Restate the data below word for word. Skip any images it contains.

> _DATASET CONTENT_
....................

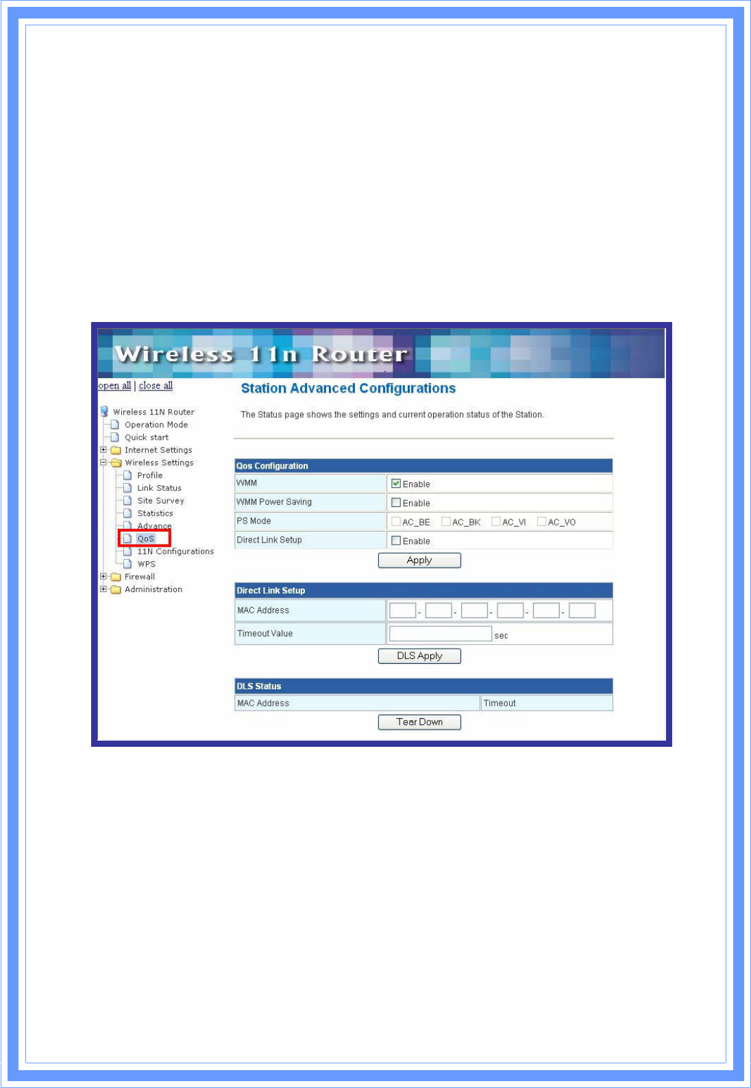 [QoS] The QoS configuration page can allow you to configure WMM and Direct Link settings
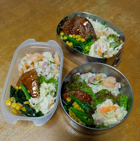 おはようございます☆雨降りで湿気たっぷり…?*今日のメニュー・レトルトハンバーグ・ほうれん草とコーンの炒め物・ポテトサラダ・混ぜるエビピラフ家···
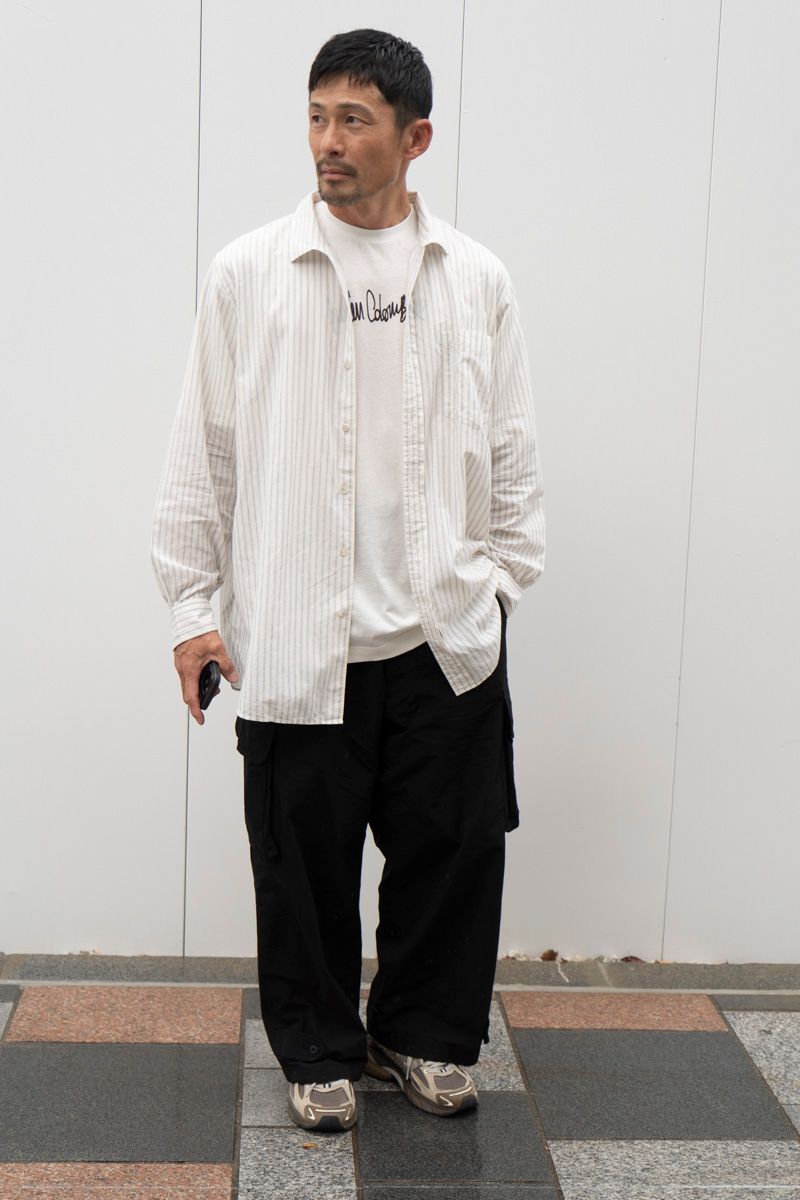 ▶︎中島さんのスナップをすべて見る中島 良さん(44歳)スポーティなシャカシャカ系カーゴパンツ。しかも黒。この時点で相当に街仕様へと傾いたデザインながら、ストライプシャツと合わせることでシュッとした印象がより強固になる。
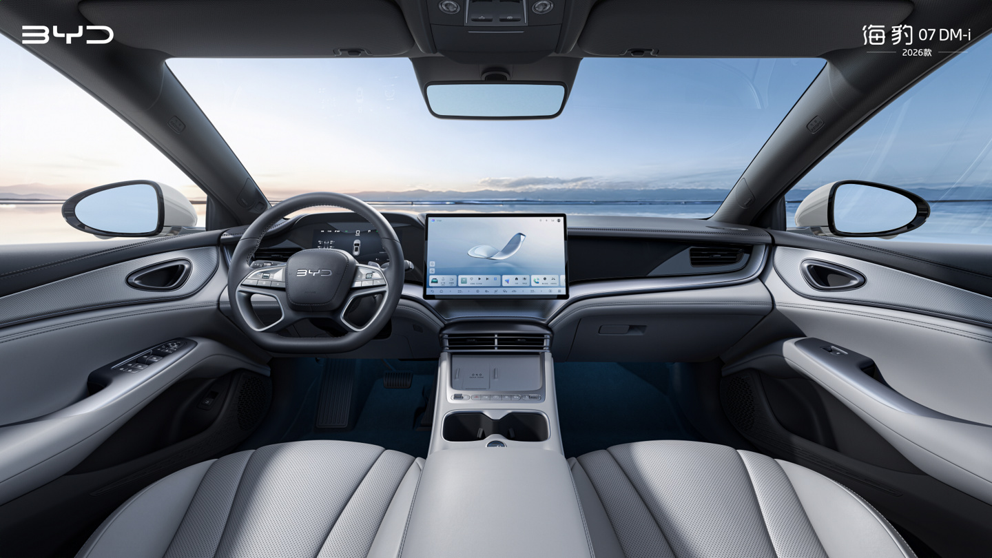 9 月 4 日消息,比亚迪今日宣布 2026 款海豹 07 DM-i 现已到店,首搭比亚迪精品主题。该车已经在 8 月 29 日成都车展亮相,同时公布了官方内饰图。

....................

> _SOLUTION TO THIS TASK_
 [QoS] The QoS configuration page can allow you to configure WMM and Direct Link settings
 おはようございます☆雨降りで湿気たっぷり…?*今日のメニュー・レトルトハンバーグ・ほうれん草とコーンの炒め物・ポテトサラダ・混ぜるエビピラフ家···
 ▶︎中島さんのスナップをすべて見る中島 良さん(44歳)スポーティなシャカシャカ系カーゴパンツ。しかも黒。この時点で相当に街仕様へと傾いたデザインながら、ストライプシャツと合わせることでシュッとした印象がより強固になる。
 9 月 4 日消息,比亚迪今日宣布 2026 款海豹 07 DM-i 现已到店,首搭比亚迪精品主题。该车已经在 8 月 29 日成都车展亮相,同时公布了官方内饰图。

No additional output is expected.